──────── Records for this task

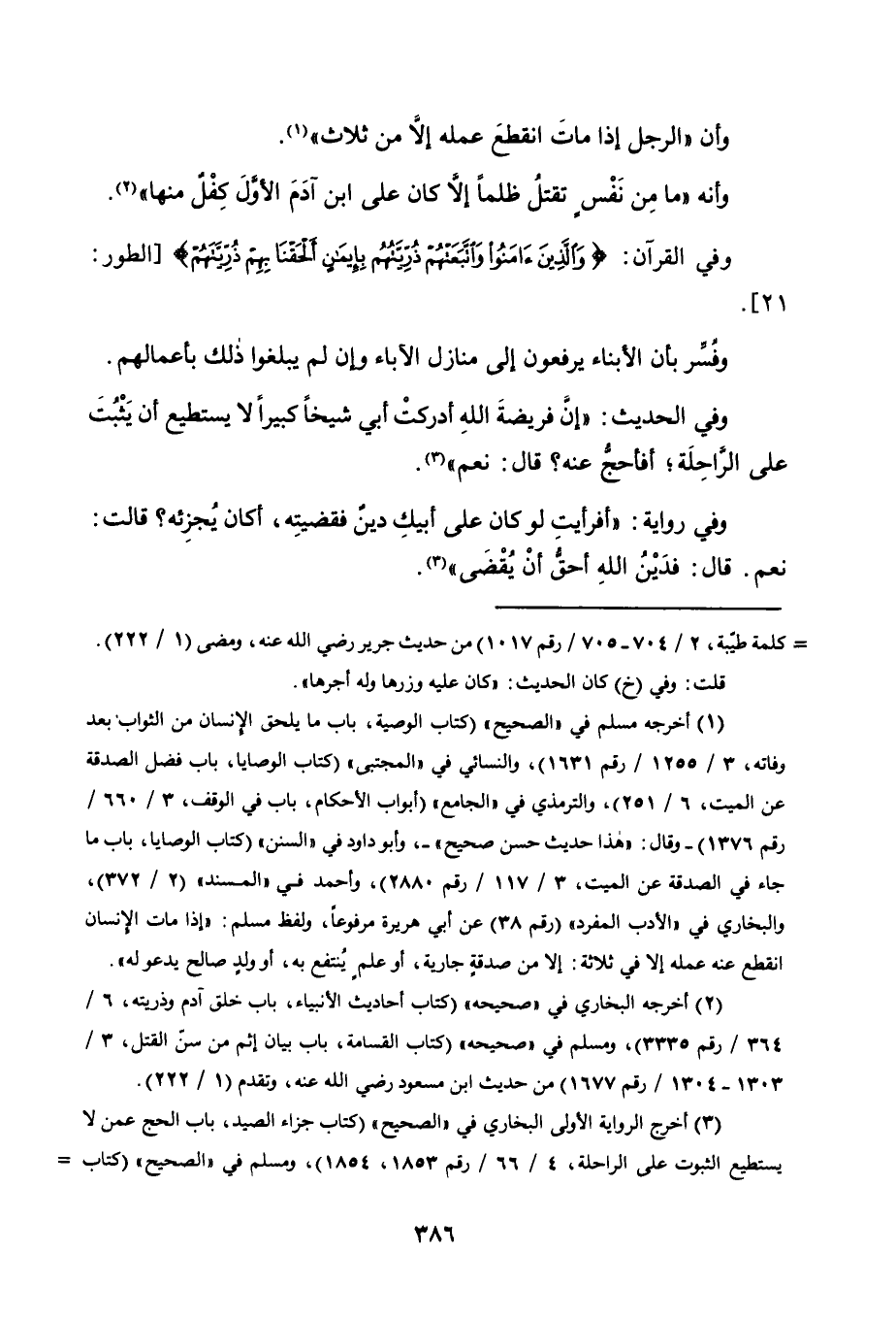 وَأَنْ "الرَّجُلَ إِذَا مَاتَ انْقَطَعَ عَمَلُهُ إِلَّا مِنْ ثَلَاثٍ" 1
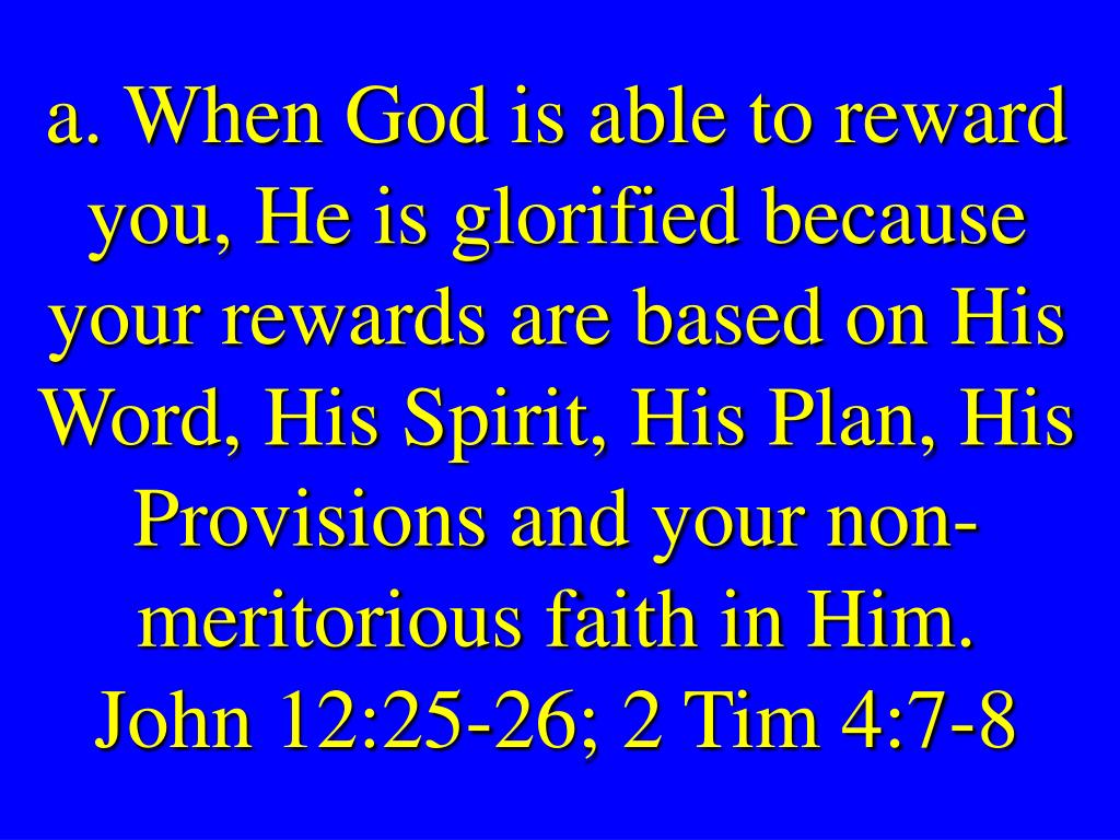 a. When God is able to reward you, He is glorified because your rewards are based on His Word, His Spirit, His Plan, His Provisions and your non-meritorious faith in Him. John 12:25-26; 2 Tim 4:7-8
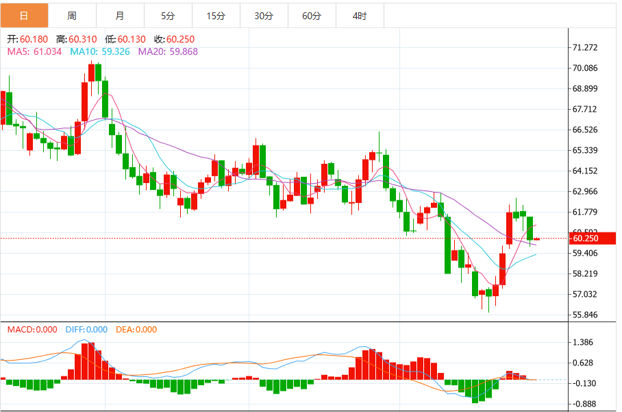 一、日间行情复盘:数据与政策的“过山车”博弈 10月30日原油市场呈现“数据提振冲高、政策压制回落”的剧烈震荡格局。截至欧盘尾盘(20时00分),WTI原油报60.02美元/桶,较开盘价下跌0.61%,日内波动区间59.87-60.73美元;布伦特原油报64.05美元/桶,较开盘价下跌0.34%,波动区间63.92-64.88美元。 行情
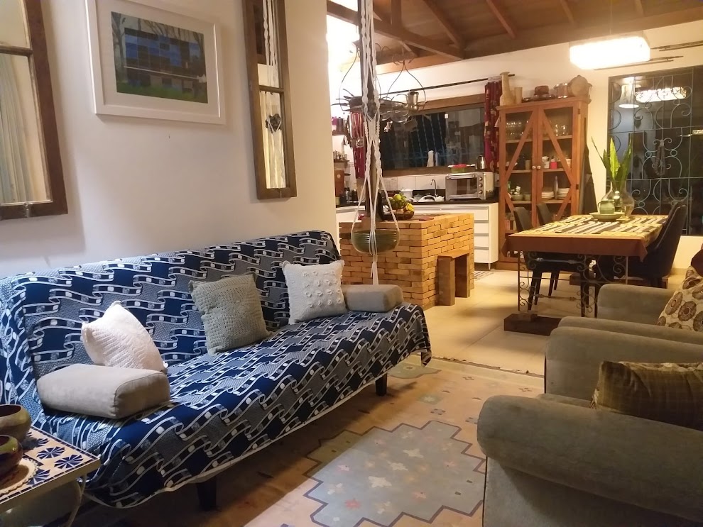 Casa de dois andares toda feita de madeira demolição (peroba e canela preta) com vista para o mar no andar de cima, área construída com com aproximadamente 150 metros quadrados, sala e cozinha conjugadas com fogão campeiro, 02 dormitórios, sendo 01 suíte, 02 banheiros, sala de tv, estúdio, área de serviço, espaço gourmet. Casa frente norte, ensolarada e bem iluminada. Terreno com 589,10 m², todo arborizado com arvores frutíferas (limão siciliano,lima,laranja,jaboticaba,abacate,graviola,roma,gabiroba,caju),espaço de horta plantas, ornamentais (buganviles, sapatinho da judia, hortênsias), próximo ao mar (trilha de 15 minutos com acesso a praia do Moçambique) rua calma e sem saida. Agende sua visita com nossos corretores. * Valor e disponibilidade a confirmar
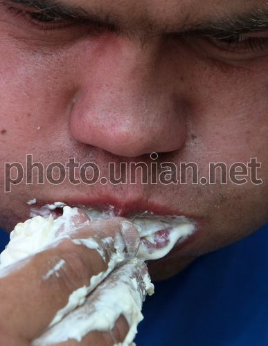 Участник Всеукраинского Чемпионата по скоростному поеданию вареников во время соревнований, в день празднования 18-ой годовщины Независимости Украины, в Киеве, в понедельник, 24 августа 2009 г. Фото Сергея Светлицкого / УНИАН

────────────────

Required work = Repeat each of the entries above exactly, but do not carry over the pictures.

Answer section =
 وَأَنْ "الرَّجُلَ إِذَا مَاتَ انْقَطَعَ عَمَلُهُ إِلَّا مِنْ ثَلَاثٍ" 1
 a. When God is able to reward you, He is glorified because your rewards are based on His Word, His Spirit, His Plan, His Provisions and your non-meritorious faith in Him. John 12:25-26; 2 Tim 4:7-8
 一、日间行情复盘:数据与政策的“过山车”博弈 10月30日原油市场呈现“数据提振冲高、政策压制回落”的剧烈震荡格局。截至欧盘尾盘(20时00分),WTI原油报60.02美元/桶,较开盘价下跌0.61%,日内波动区间59.87-60.73美元;布伦特原油报64.05美元/桶,较开盘价下跌0.34%,波动区间63.92-64.88美元。 行情
 Casa de dois andares toda feita de madeira demolição (peroba e canela preta) com vista para o mar no andar de cima, área construída com com aproximadamente 150 metros quadrados, sala e cozinha conjugadas com fogão campeiro, 02 dormitórios, sendo 01 suíte, 02 banheiros, sala de tv, estúdio, área de serviço, espaço gourmet. Casa frente norte, ensolarada e bem iluminada. Terreno com 589,10 m², todo arborizado com arvores frutíferas (limão siciliano,lima,laranja,jaboticaba,abacate,graviola,roma,gabiroba,caju),espaço de horta plantas, ornamentais (buganviles, sapatinho da judia, hortênsias), próximo ao mar (trilha de 15 minutos com acesso a praia do Moçambique) rua calma e sem saida. Agende sua visita com nossos corretores. * Valor e disponibilidade a confirmar
 Участник Всеукраинского Чемпионата по скоростному поеданию вареников во время соревнований, в день празднования 18-ой годовщины Независимости Украины, в Киеве, в понедельник, 24 августа 2009 г. Фото Сергея Светлицкого / УНИАН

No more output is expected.